Tuesday, February 26, 2013

A Lull Before The Snow

The rains came in the night. At some point it must have been frozen. I listened to the sound of dried rice tinkling on the metal roof off and on while I slept.





















By mid-afternoon it was over and the sun joked about coming out. It was enough to get me outside despite the persistent wind. A few of the baby helleborus are blooming. The blooms may not survive the coming cold.





















All of my hellebores are gifted or pilfered seedlings. After seeing how readily they self sow, it is not a plant I would willingly pay good money for. When they do bloom the flower I get is a genetic roll of the bumbling bees.





















The little Crocus sieberi atticus 'Firefly' blooms on in a meager sun in hopes of being impollinated before the snows come.





















I have been watching this unknown since it first appeared in the roadside vegetable last summer. I have not seen any other plant with quite the same crinkled leaf shape and extraordinarily flat and compacted rosette growth pattern. I have no idea what it is or what the bloom will be. That means it can stay until I find out.

I first noticed it when it was about the size of a small egg. It has not grown one iota taller. It is now about the size of a cantaloupe. What will it be?





















Maybe I forced the beasts to get up and go outside when they rains stopped. Maybe they don't like the idea of me going out there without them and followed. It's just good to get one day of exercise in before the snows come. Snow is still highly undesirable. The initial shock of it has worn off, but quality snow time is still of short duration.

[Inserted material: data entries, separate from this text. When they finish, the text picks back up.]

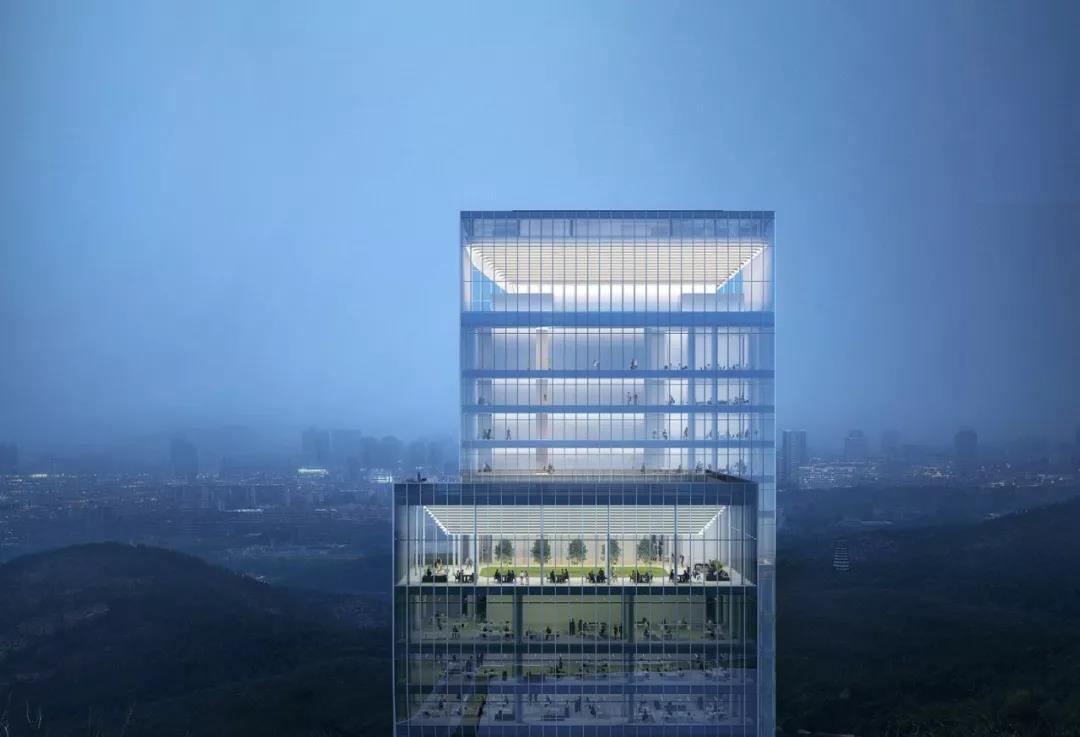 “幕墻不僅是建筑輪廓的勾勒,也是對內部空間進行雕塑和保護?!痹O計師韋業啟在塔冠巧妙地使用幕墻語言,以透明的玻璃幕墻配合燈光照明表達“光之谷”的概念,既與整體設計呼應統一,又與塔身辦公區域進行了功能區分示意,同時也將預留機房、擦窗機等基礎設施集中安置在主冠的“谷”中,不影響整體視覺效果,讓功能統一純粹。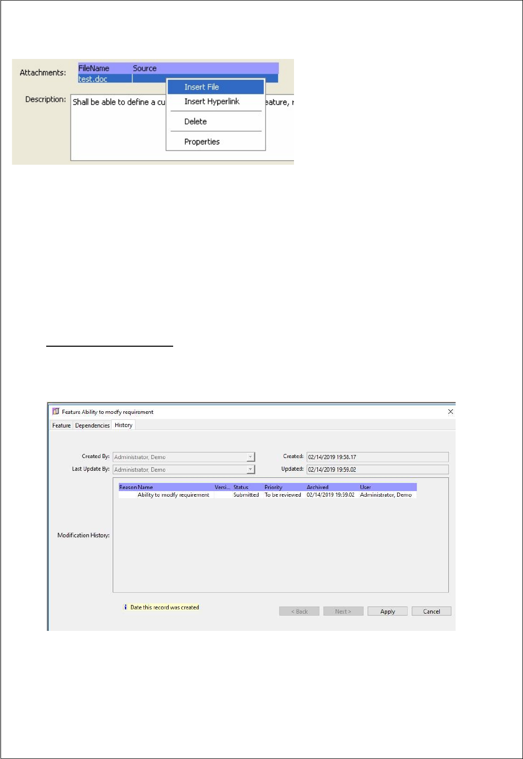 Navigating to a branch in the requirements tree will enable the option to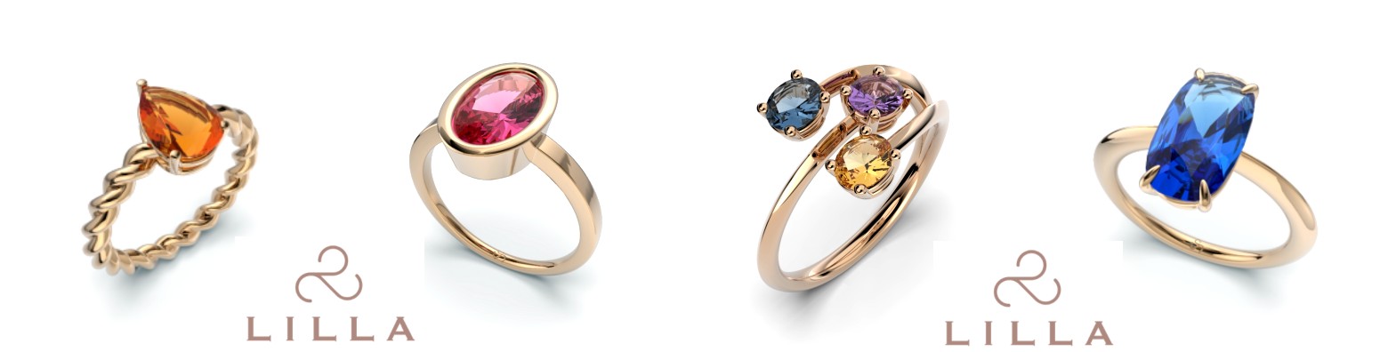 El fundamento de LILLA se basa en que hace propuestas de diferentes diseños en oro blanco, rosa y amarillo, o ruteniado, y una serie de gemas naturales que se pueden ajustar a cualquiera de ellos. La pieza está realizada totalmente a mano, y para ello, de cada pieza expone las fotos de los diferentes pasos en su ejecución, desde el fundido del metal, hasta el engastado. Presenta sus piezas en estuches individuales con serigrafía de su logo y el certificado de calidad realizado por MLLOPIS y personalizado para LILLA.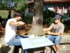 Tijolos maciços, barro, água e açúcar juntos viram forno de pizza na Unesc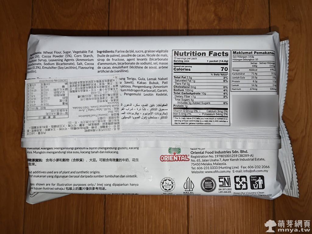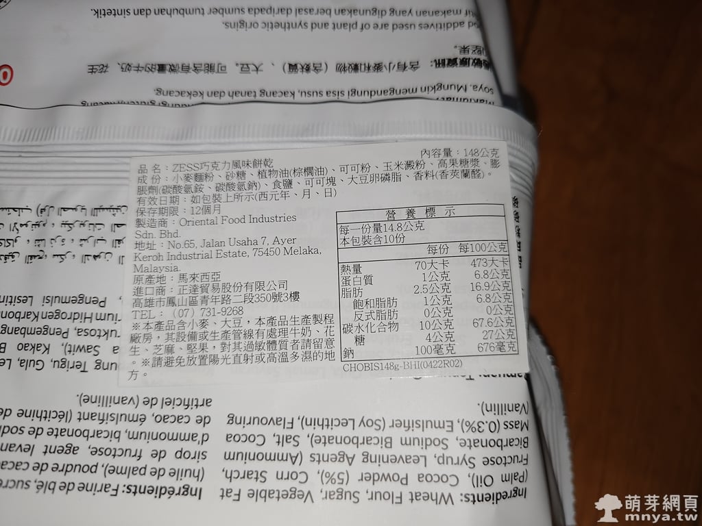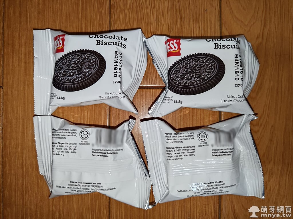 最近入手了一款在網路上討論度不低的【ZESS】巧克力風味餅乾,這款產品主打一盒裡面有 10 小包,總重 148g,售價只要 52 元新台幣,對於想要平價又能滿足巧克力口味的朋友來說,真的很划算。拆開外盒後可以看到裡面排列整齊的 10 小包,每包裡頭有 4 片餅乾,不管是分給小朋友還是大人自己配牛奶,都非常方便。一包的份量其實剛剛好,不會一下子吃太多,對於注重熱量或是想要控制食量的人來說相當貼心。餅乾本身外型跟 OREO 很像(可以說是 OREO 的 O!),不管是大小還是色澤都很有那種經典巧克力夾心餅乾的感覺(只是沒有夾心!),實際入口之後,巧克力香氣濃郁,口感酥脆。成份表上可以看到使用了小麥麵粉、砂糖、棕櫚油、可可粉、高果糖漿等,雖然含糖量不低,不過以這種零食來說還算常見,想要偶爾犒賞自己一點甜食,這款 ZESS 巧克力餅乾真的很可以。包裝背面清楚標示營養成分,每包大約 70 大卡,方便你掌握每天的熱量攝取,也貼心提醒有小麥或大豆過敏的人要注意。餅乾產地來自馬來西亞,保存期限有一年,只要避開高溫潮濕或陽光直射的地方就能放得很安心。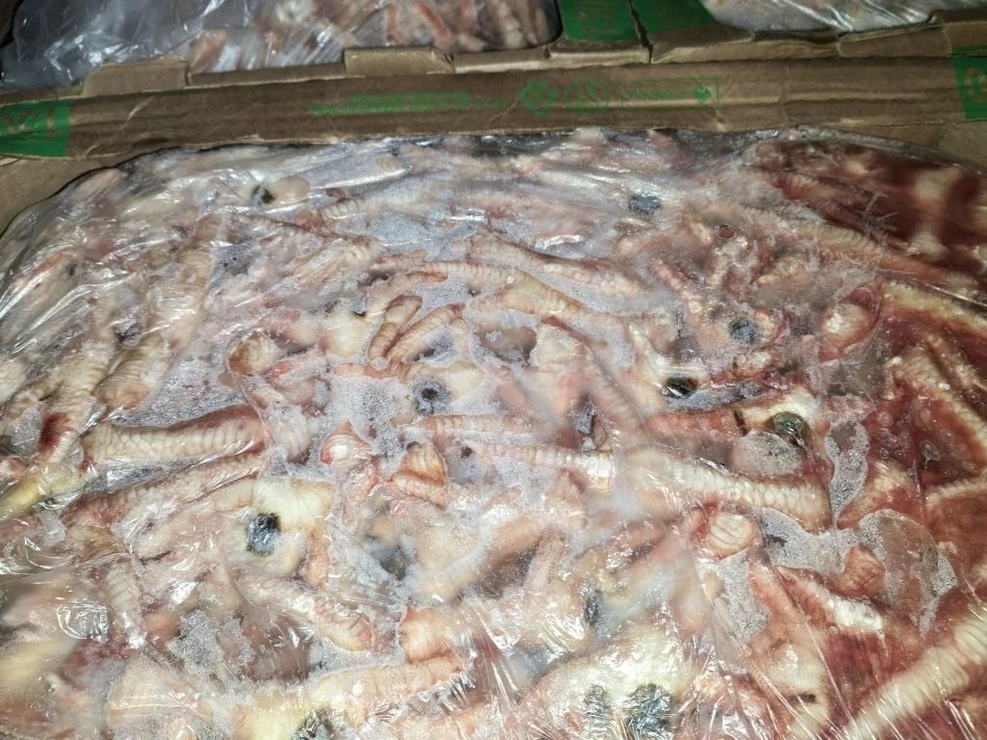 При досмотре продукции было выявлено, что отправитель не включён в реестр Таможенного союза. Кроме того, у перевозчика не оказалось ветеринарных сопроводительных документов, которые бы подтвердили качество и безопасность куриных лап. Также специалисты установили, что упаковка с грузом обезличена - прозрачные пакеты были без маркировки, а коробки с продукцией имели следы перемаркировки.

AN EXTENDED PERIOD OF SNOW SHOWER ACTIVITY NEAR THE TENNESSEE
BORDER IS EXPECTED FROM WEDNESDAY NIGHT INTO THE WEEKEND. LIGHT
SNOW ACCUMULATIONS ARE EXPECTED TO OCCUR EACH DAY...WITH THE
HIGHEST AMOUNTS EXPECTED IN THE HIGH ELEVATIONS ALONG THE
TENNESSEE BORDER.





















That would mean me.

5 comments:

Lola said...

Your home looks so clean. Not a lot of leaves. I remember how our place looked after I raked it all. Lot of hard work but I enjoyed it.
Sure hope you don't get a lot of the white stuff.

Christopher C. NC said...

Lola that is probably because the house and driveway sit on the crest of a hill. When the wind blows, and lord does it ever blow, the leaves all settle to the bottom.

Dianne said...

On the Tennessee Border....Hopefully 2500 ft is not high enough. I hope, I hope, I hope.

Anonymous said...

Your flat rosette may be Verbascum blattaria, a biennial that has a lovely tallish spike with small white or yellow blooms.

Christopher C. NC said...

Thank you Frances. I'm checking that out now. I don't recall seeing any here before. Being who I am stuff follows me home in all kinds of ways, wood chip mulch, horse dung, bags of trimmings and on and on. Then there are the howling winds up here that could bring stuff in too.